Member of Parliament for Ayawaso West-Wuogon Constituency
- In office 7 January 2001 – 6 January 2005
- President: John Kufuor

Personal details
- Party: New Patriotic Party
- Profession: Politician

= George Isaac Amoo =

Ghanaian politician

George Isaac Amoo is a Ghanaian politician who was member of parliament for the Ayawaso West Wuogon Constituency from January 2001 to January 2005. He was the 3rd national coordinator of the National Disaster Management Organization in Ghana.

==NADMO coordinator==
Amoo was appointed by President John Kufour as the national coordinator of NADMO. He served in that capacity from August 2006 to December 2007.

== GMET ==
Amoo is currently the chairman of an 11-member Governing Board the Ghana Meteorological Agency(GMET) which was inaugurated in Accra on February 22, 2023. At the helm of the board is Mr. George Isaac Amoo, serving as chairman. Assisting him are esteemed members: Mr. Eric Esuman, Mrs. Magdalene Ewuraesi Apenteng, Madam Cecilia Sheitu Nyadia, Mr. Ben Yaw Ampomah, and Ing. Theophilus Nii Okai.

==Politics==
Amoo is a member of the New Patriotic Party. He was elected as the member of parliament for the Ayawaso West-Wuogon constituency in the Greater Accra region in the 3rd parliament of the 4th republic of Ghana.
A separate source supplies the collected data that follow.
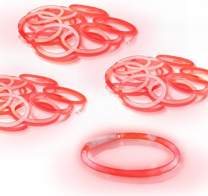 - Bulk Pack for Festive Fun: Includes 50 premium-quality Red glow stick braceletss, perfect for Mardi Gras, St. Patrick's Day parades, parties, and nighttime events.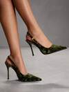 CUCCOO SZL Women's Pointed Toe Apricot Mesh Fabric Metallic Buckle Backstrap Open Toe Fashion Pumps, Elegant For Office And Commute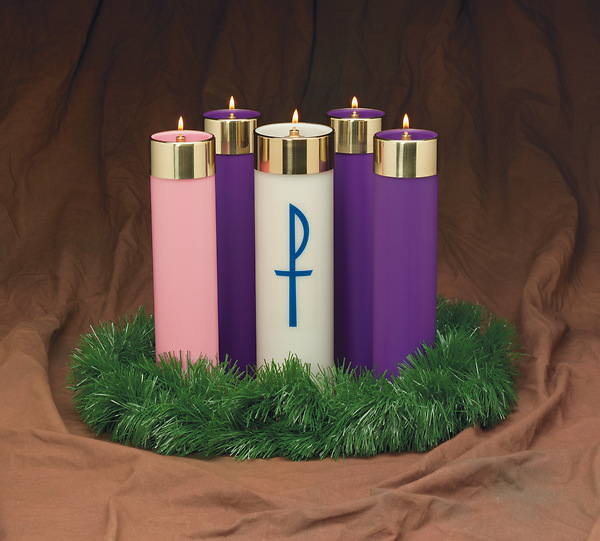 Brass followers are also included in this set which boasts an impressive 12” x 2 5/8” size for each candle, plus a 12” x 3 1/4” Christ candle featuring a special Chi-Rho symbol in blue adding distinctiveness to any table it is displayed on. (Greenery not included.)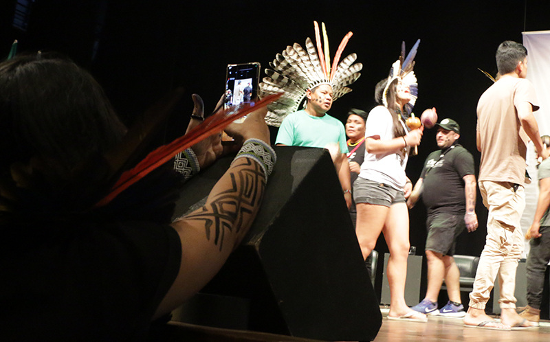 Na sequência, indígenas Xokleng fizeram uma apresentação no palco com dança e cantos utilizados em celebrações. Também falaram ao microfone convidando o público a acompanhar a programação temática indígena na Sepex 2025.
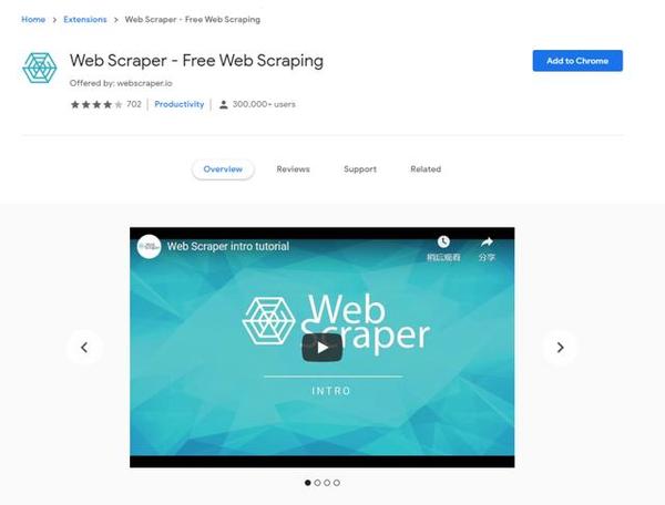 如果你能上外网的话,可以在浏览器直接打开Chrome应用商店,然后搜索“Web scraper”后直接点“Add to Chrome”装进浏览器里。不能上的话,可以通过装一个谷歌上网助手插件就可以上谷歌应用商店了,或者通过获取离线CRX安装包改成Zip格式,解压后加载进浏览器里。装好后就可以在右上角看到一个类似蜘蛛网的图标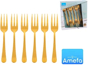 Komplet komplet 6 widelczyków deserowych wykonanych ze stali 18/0 w kolorze złota. Klasyczny, delikatny model, bez zdobień. Synonim piękna i elegancji, hołdujący prostej stylistyce uczyni Twój stół niezwykle stylowym i eleganckim. Jeśli cenisz niewymuszony szyk oraz subtelność, ten model sztućców został stworzony właśnie dla Ciebie. Amefa Austin 1410 Trend widelczyki złoto

He was succeeded by Akosua Frema Osei-Opare in the 2004 Ghanaian General elections.

== Elections ==
Amoo was elected as the member of parliament for the Ayawaso West-Wuogon constituency in the 2000 Ghanaian general elections. He was elected on the ticket of the New Patriotic Party. His constituency was a part of the 16 parliamentary seats out of 22 seats won by the New Patriotic Party in that election for the Greater Accra Region. The New Patriotic Party won a majority total of 100 parliamentary seats out of 200 seats in the 3rd parliament of the 4th republic of Ghana. He was elected with 17,555 votes out of 31,648 total valid votes cast. This was equivalent to 56.2% of the total valid votes cast. He was elected over Elvis Afriyie-Ankrah of the National Democratic Congress, Jane Chinebuah of the National Reform Party and Samuel Addy of the People's National Convention. These obtained 11,338, 1, 077, 715, and 477 votes respectively out of the total valid votes cast. These were equivalent to 36.5%, 3.5%, 2.3% and 1.5% respectively of total valid votes cast.